Why Halifax is a terrible (and perfect) place to learn English

On language schools, community and conversations.

Aissata Diallo has something to talk about. - ADAM FISKE
Adam Fiske
Aissata Diallo has something to talk about.

The new school year is just beginning, but some are already graduating. In August, international students at the Canadian Language Learning Centre College's Citadel campus graduated with a certificate in English as a second language.

Aissata Diallo was one of those students accepting her diploma amid a flurry of applause and tears. "I'm going to miss, really, CLLC. It was a great experience," she said.

Her feelings are shared by many that come through the language school's doors. The local institution started teaching students English in Dartmouth in 2003, and now has locations across Ontario and Nova Scotia. The schools each take in approximately 300 students of 15 or more nationalities every year and 80 percent of those continue on to university, says Citadel campus director Derrick Tobin.

Students speaking English as a second language add a valued diversity to Halifax, but there are burdens that come with immigrating to this seaside city. "It's very hard to integrate," says Diallo.

Yousef Alsharari is another current CLLC student who shares a similar view.

"Some of my friends stuck with their group. They might not have any problem with writing but when they speak they say 'Why have I forgotten this word?' because they don't practice."

Despite the difficulty in integration, for many it's easier to learn English here.
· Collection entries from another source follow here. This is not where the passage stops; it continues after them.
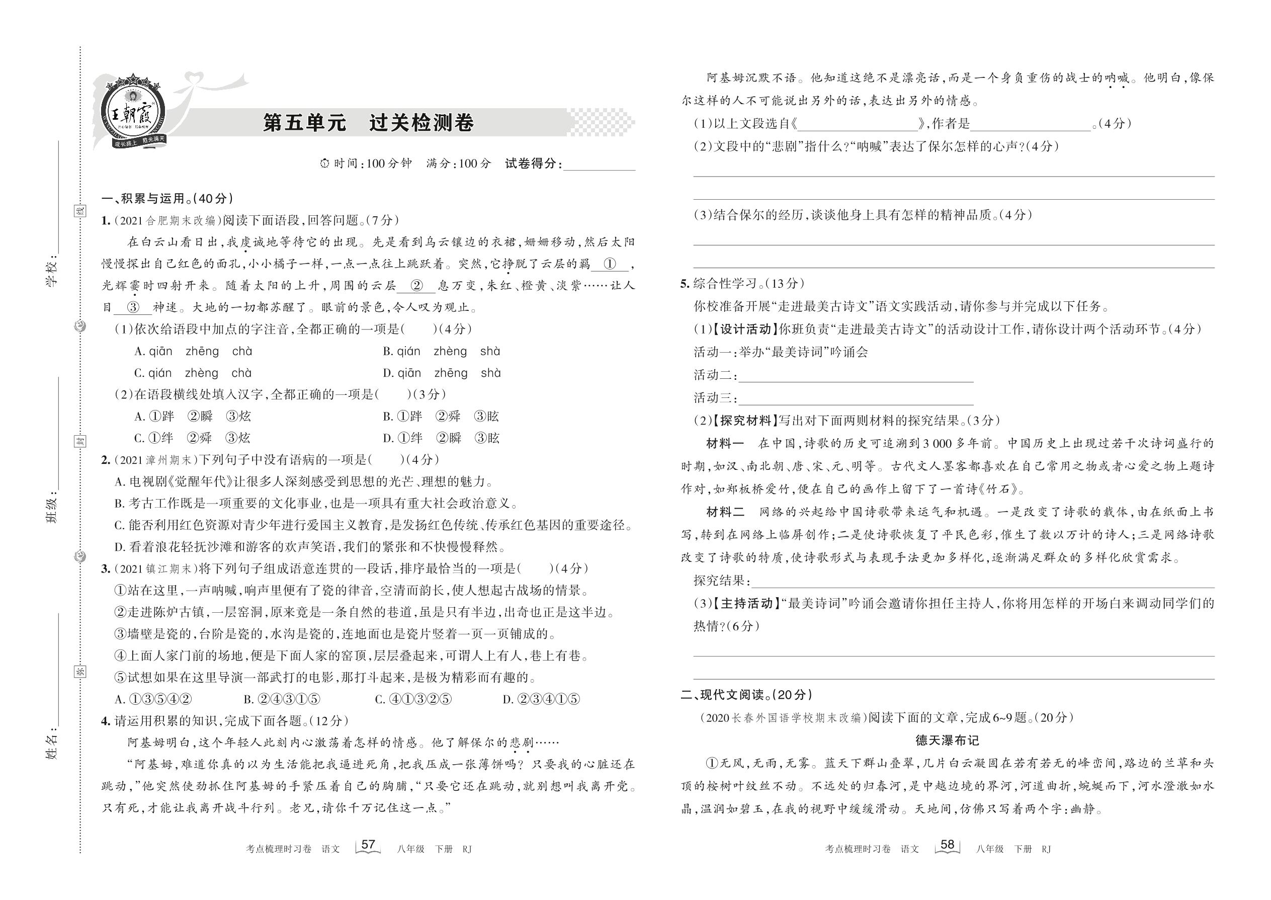 2022下册八年级语文人教版 第五单元 过关检测卷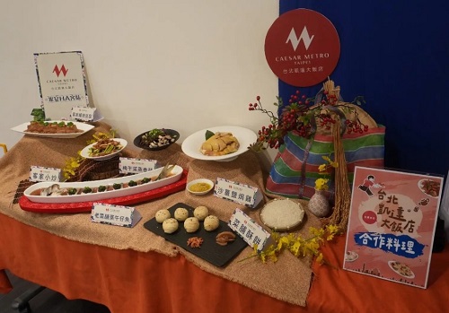 首屆台北客家美食節與四家品牌合作,展現客家風味的新創可能: •台北凱達大飯店於 8月13日–10月30日 推出「家宴 HA客味」Hakka Delights at Jia Yan主題套餐,由行政主廚戴于益領軍,端出六道經典菜:沙薑鹽焗雞、客家釀燒豆腐、客家小炒、梅干菜蒸香茄、老菜脯蒸午仔魚、菜脯酥餅,重新詮釋「鹹、香、肥」的客家菜精神,以傳統融合創新的手法,展現出客家料理的新風貌,讓饕客一次嚐遍經典客家好味道! •台鐵便當預計9月26日推出「芋香油飯便當」,主菜搭配酸菜鴨腿、鹹冬瓜鱸魚,佐以金桔,傳遞客庄滋味。 •鮮芋仙研發「仙草風味爆米花」,以傳統甜品元素結合創意零食,酥脆香濃。 •台北福華大飯店設計「客家甜點禮盒」,內含擂茶燒果子蛋糕、金棗開心果塔等,展現精緻西點融合傳統風味。 四家品牌皆於記者會現場設攤展示,傳遞企業投入客家文化推廣的心意與創意。
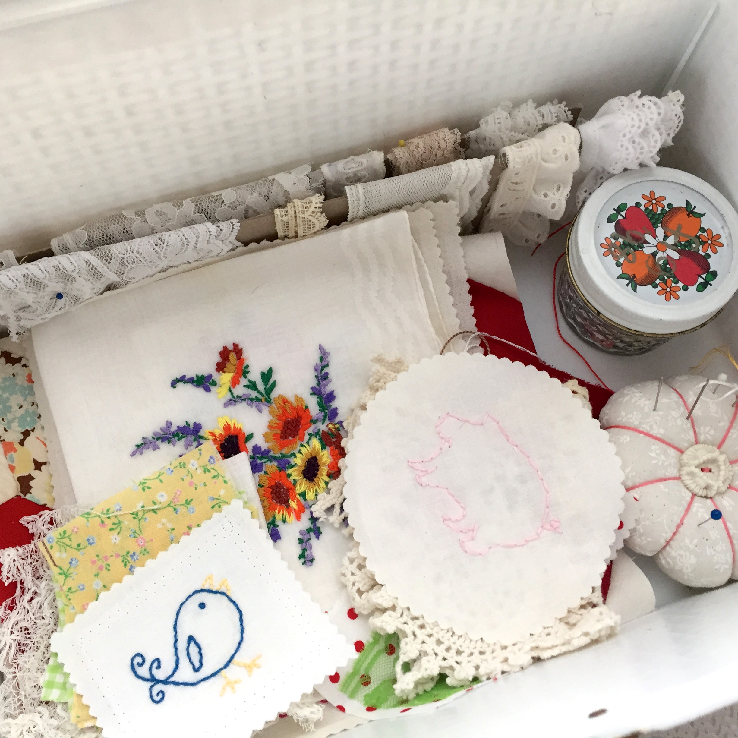 If you have been following my blog for a while, you know that I have a slight obsession with ‘Wilhold’ containers. Although this isn’t actually a Wilhold, it’s from the same era…and it was a dollar. I love these vintage plastic containers to hold my craft supplies. The memory that goes along with this is spending the day hanging out with my daughter, something we didn’t have a lot of time for even when we lived in the same town, sigh!

Halifax is a great ESL city not only because the locals are so friendly, but because of the city's smaller size. It's a place where the majority of people speak English, and it isn't large enough for foreign language speakers to easily retreat to groups that use their mother tongue. Alsharari opts to take advantage of these perks in his social life.

"For me I try to go with my friends who are not from Saudi Arabia," he says. "People here have the best behaviour...I love the activities and festivals."

Immersion is key for ESL students, in Halifax and elsewhere. Practice makes perfect.

"Anything you don't use, you lose," says Alsharari.

When asked about what he sees as the greatest difficulties for ESL students upon immigrating to Halifax, Tobin says it's "culture shock and homesickness." Many new students often choose to spend time with those who speak their first language rather than mingling, and a few even grapple with depression upon arrival. That's in addition to the $2,000 to $3,000 a month some students are paying just to live and learn here.

To help ease the transition, programs like those at the CLLC try to offer an engaging place where students can improve their English skills, but also find a welcoming, focused version of Halifax's motivating melting pot.

"It encourages people to be proud of where they're from and learn about other cultures," says Tobin, "the best part is the connection."

According to Alsharari, the CLLC offers a comforting welcome to new students learning to live and speak in Canada. Sometimes, that's all the difference to feeling at home.

"They are my family here," he says. "Sometimes I have a bad time, and when I needed their help...I found it."